Industri kreatif akan bersifat komersil, jika mampu menghasilkan
barang-barang dan jasa-jasa baru melalui sebuah riset dan pengembangan. Jawa Barat
memiliki banyak kreator seni yang kreatif, namun sebagian besar kreator tersebut
belum mengkomersilkan karya kreatifnya. Rumingkang atau yang lebih dikenal
dengan nama Buyung Rumingkang, merupakan salah satu kreator seni di ranah
tari, yang telah menjadikan karya tari Jaipongnya sebagai modal bisnis yang
mendatangkan nilai (pendapatan/kekayaan). Pengembangan yang dilakukan
Buyung Rumingkang dalam tari Jaipong, hadir atas dasar observasi dan
pemahamannya terhadap selera pasar.
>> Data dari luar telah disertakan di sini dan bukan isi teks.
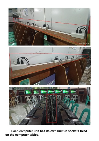 Each computer unit has its own built-in sockets fixed on the computer tables.
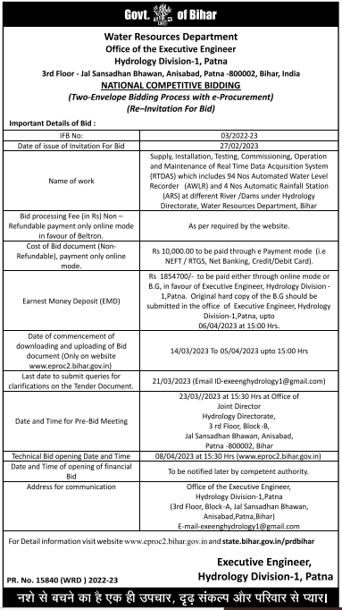 Tender for Supply, Installation, Testing, Commissioning, Operation and Maintenance of Real Time Data Acquisition System (RTDAS) which includes 94 Nos Automated Water Level Recorder (AWLR) and 4 Nos Automatic Rainfall Station (ARS) at different River/Dams under Hydrology Directorate, Water Resources Department, Bihar
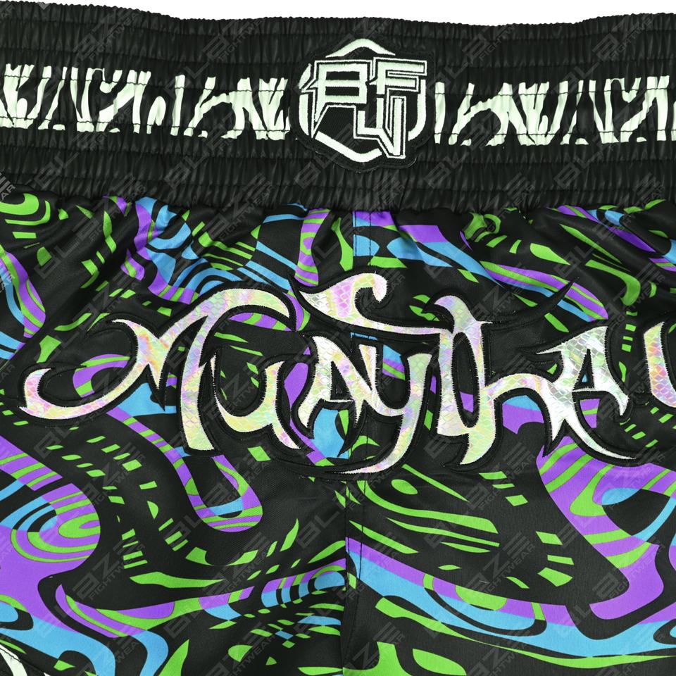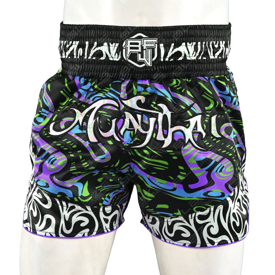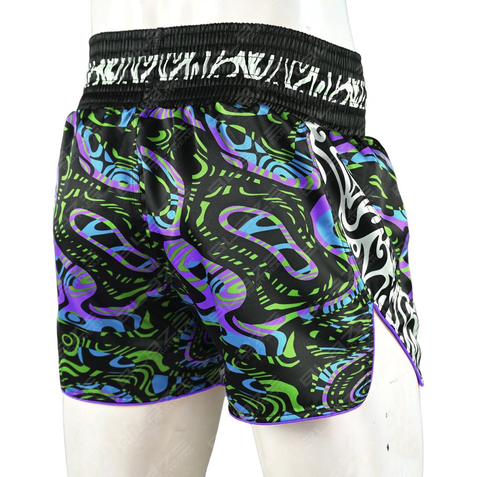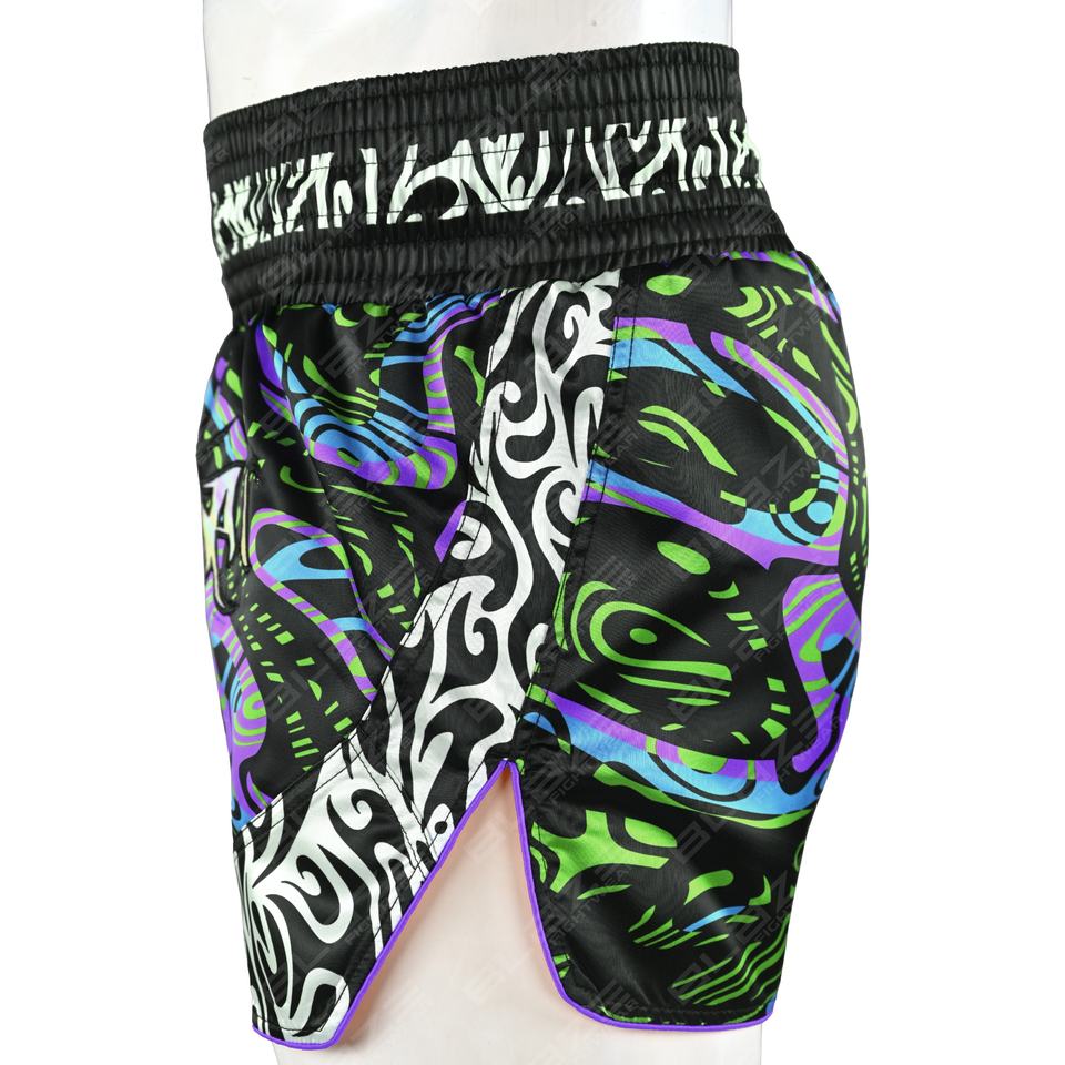 Blaze Fight Wear Custom Logo Thai Shorts Unisex Mid Waist 100% Polyester MMA Boxing Shorts Fashionable Breathable Board Pattern

Hal tersebut telah menghasilkan inovasi
baru dalam pola gerak tari Jaipong, teknik gerak tari Jaipong, metode
pembelajaran, serta iringan musik tari Jaipong saat ini, khususnya tari Jaipong
karya Rumingkang itu sendiri.
Salah satu karya Buyung Rumingkang yang sering ditampilkan di event
nasional maupun internasional ialah tari Jaipong Percussion. Tari ini telah
ditampilkan di berbagai event, baik melalui media elektronik maupun di gedung
pertunjukan atau ruang publik secara langsung. Tarian ini merupakan perpaduan
dari gerak-gerak Jaipong, pencak silat dan gerak modern yang dilakukan dengan
teknik khas Rumingkang secara rampak, tanpa iringan gendang/ kendang
sedikitpun. Tari Jaipong Percussion merupakan karya Buyung Rumingkang yang
paling banyak diminati, sehingga tari tersebut sering mendatangkan nilai
(pendapatan/kekayaan) bagi Buyung Rumingkang beserta sanggarnya.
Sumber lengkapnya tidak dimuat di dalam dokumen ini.